En prenant un échantillon d’eau dans une rivière, on pourrait, à l’aide d’un microscope, observer des centaines de petits organismes vivants dont plusieurs seraient formés d’une seule cellule et portant le nom générique d’organisme unicellulaire.

Imaginons maintenant qu’une telle cellule se dédouble à répétition et engendre plusieurs milliers de rejetons et que ceux-ci s’organisent, tous ensemble, dans le but de former un super organisme. Ce dernier ne pourrait pas être une simple collection de milliards de jumeaux identiques mais une organisation formée de regroupements de cellules spécialisées afin de répondre aux différents et nouveaux besoins d’un superorganisme complexe. Des groupes distincts de cellules devront s’occuper, par exemple, de l’approvisionnement en oxygène, en nutriments et d’autres, de leur distribution.

Ainsi l’organe responsable de la respiration devra fournir de l’oxygène à tout l’organisme et non pas subvenir uniquement à ses propres besoins. C’est pourquoi un superorganisme complexe ne peut exister sans les services d’un contrôleur central apte à évaluer et à gérer les besoins de tout l’organisme (microécosystème). Notons ici que dans une telle organisation, chaque cellule spécialisée ne peut plus suffire à ses propres besoins et sa survie dépend de celle de l’organisme en entier.

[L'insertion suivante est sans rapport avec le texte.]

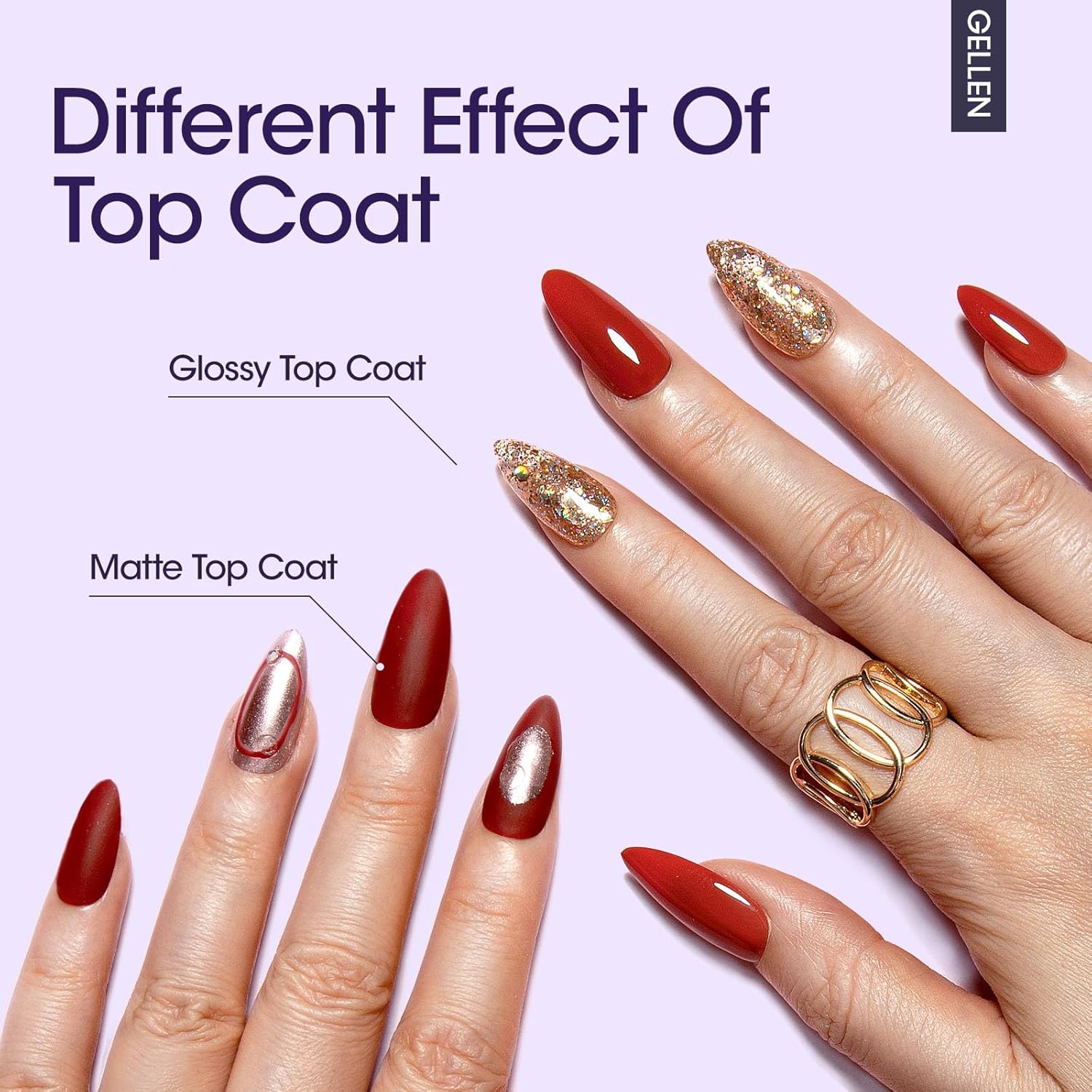 - Superior Gel Base and Top Coat: The base coat nail polish can protect your natural nails, increase the adhesion of nail and color gel. The top coat provides a brilliant mirror-like shine and high-gloss wear while the matte top coat gives an amazing matte finish, avoiding nicks, chips, or smudges. The glossy and matte top coat nail polish have two differ topcoat effect to match your personal preference
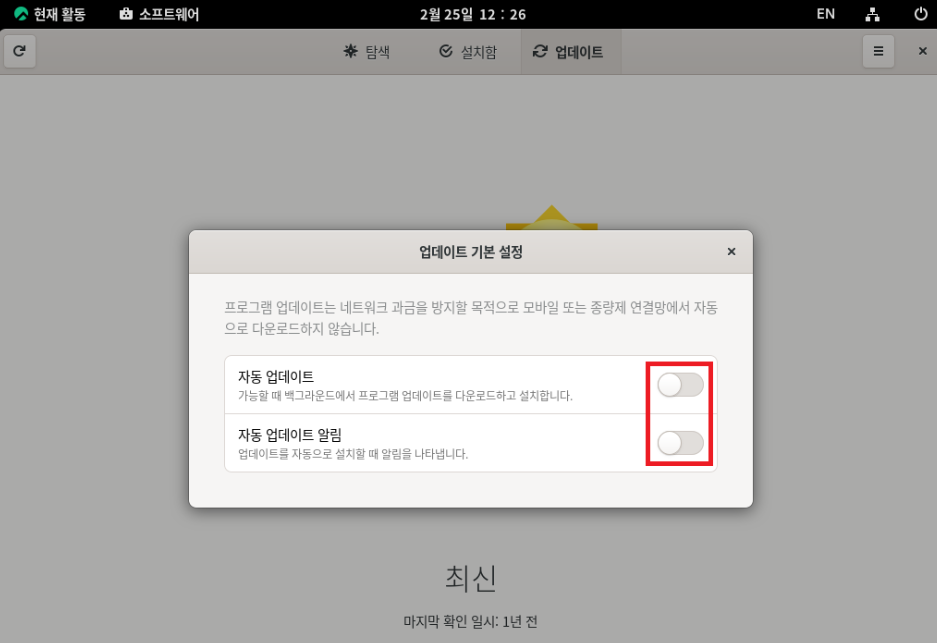 소프트 업데이트 기능 끄기
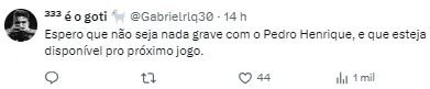 Diante da preocupação com o jogador, o treinador comentou sobre as opções que possui no banco de reservas dependendo da gravidade da lesão de Pedro Henrique.
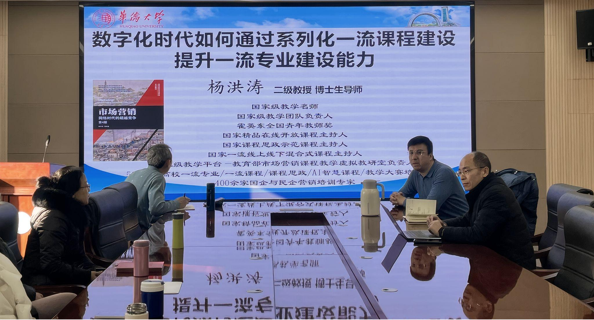 作为教育部市场营销课程教学虚拟教研室成员单位荣幸地邀请到了国家级教学名师、国家级教学团队负责人以及国家一流专业负责人——华侨大学教授杨洪涛。杨教授就国家课程建设和教学改革相关政策、智慧课程实践等议题进行了深入的分享与探讨。
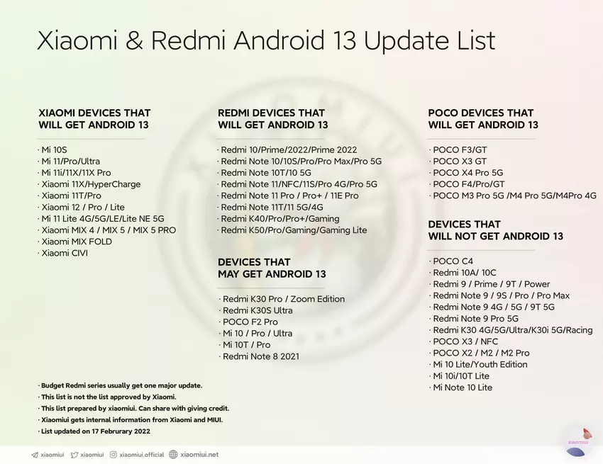 Google hat kürzlich einen Entwickler-Build des Betriebssystems veröffentlicht Android 13, und xiaomiui hat eine Liste von Xiaomi-Smartphones vorbereitet, die eine neue Version des Betriebssystems erhalten werden.
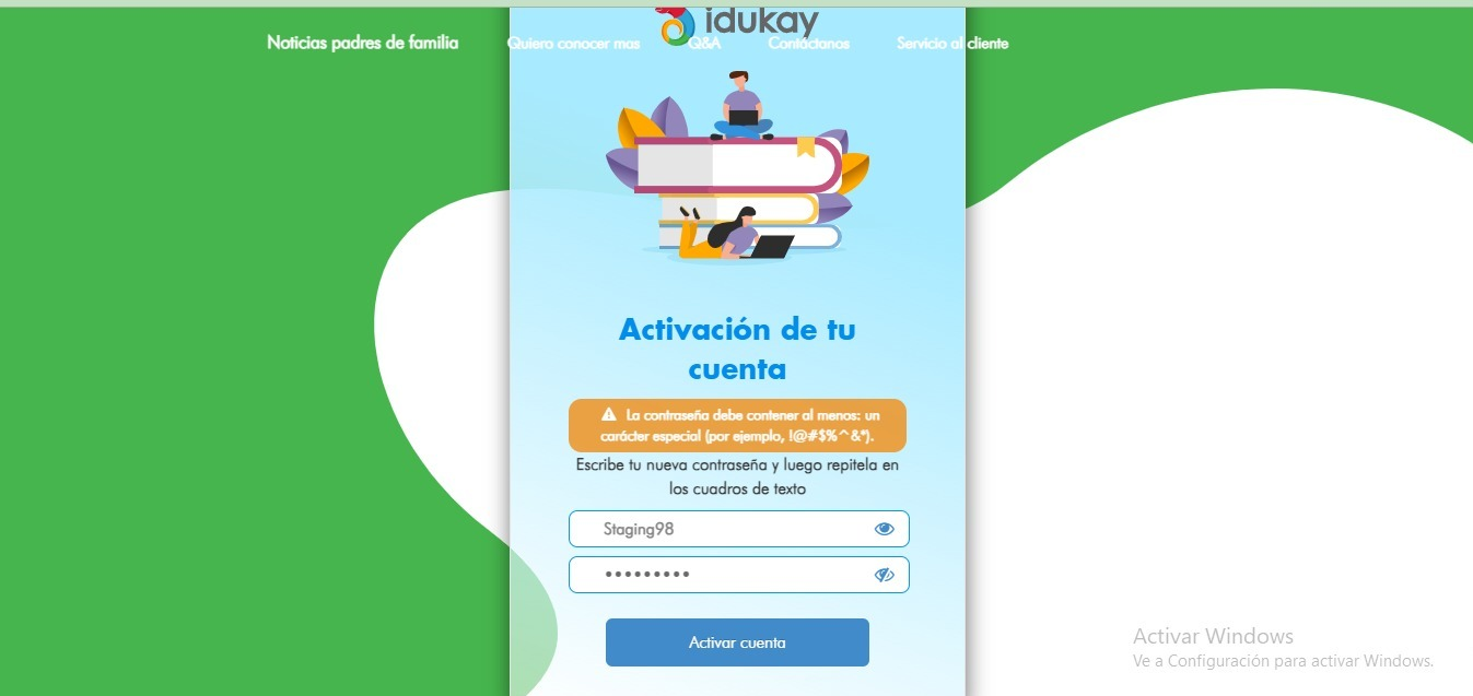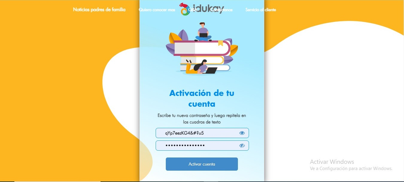 Una vez introducida la nueva contraseña, el usuario deberá hacer clic en "Activar cuenta" para completar el cambio.

Le superorganisme le plus sophistiqué qui nous soit connu est l’être humain. Son principal contrôleur se nomme le système nerveux. Il gère et actualise l’activité de 50-100 mille milliards d’unicellulaires, chaque cellule étant un organisme vivant. Sa complexité relève d’une infrastructure en parallèle. Ce type d’organisation est ici fondé sur les interneurones (neurone multipolaire). Ainsi, toutes activités neurologiques influencent l’ensemble du système à des degrés variables et selon une hiérarchie variable (ex. neuroplasticité). C’est un système interrelié, donc intelligent*.

Cette intelligence innée est au cœur du développement distinct de la philosophie et de la science chiropratique. Nos pairs avaient découvert cette interrelation. De fait, la détection et la correction d’anomalies de la biomécanique vertébrale se répercutaient fréquemment sur le fonctionnement d’organe distant de la lésion traitée. Si cette bonification pouvait sembler initialement miraculeuse et fortuite, elle est aujourd’hui parfaitement compréhensible. D’ailleurs, on peut suggérer que si une normalisation fonctionnelle peut ainsi être provoquée, elle sera probablement supérieure et mieux intégrée que l’action aveugle d’un agent chimique étranger.

Un superorganisme peut mourir avant la mort de ces cellules. Au moment de l’arrêt du cœur ou de l’activité cérébral, la plupart des cellules de l’organisme sont toujours vivantes c’est pourquoi d’ailleurs que certains prétendent être revenus après une interruption temporaire de l’activité cérébrale. Ceci dit, une cellule morte n’est jamais, jusqu’à ce jour, redevenue vivante. La vie d’un superorganisme complexe ne se définit pas de la même façon que celle d’un organisme unicellulaire. Elle se définit nécessairement, du moins en partie, par la présence active d’une intelligence innée.

*Intelligence vient du latin intellegere, dont le préfixe inter (entre), et le radical legere (lier) suggèrent essentiellement l’aptitude à relier des éléments qui sans elle resteraient séparés.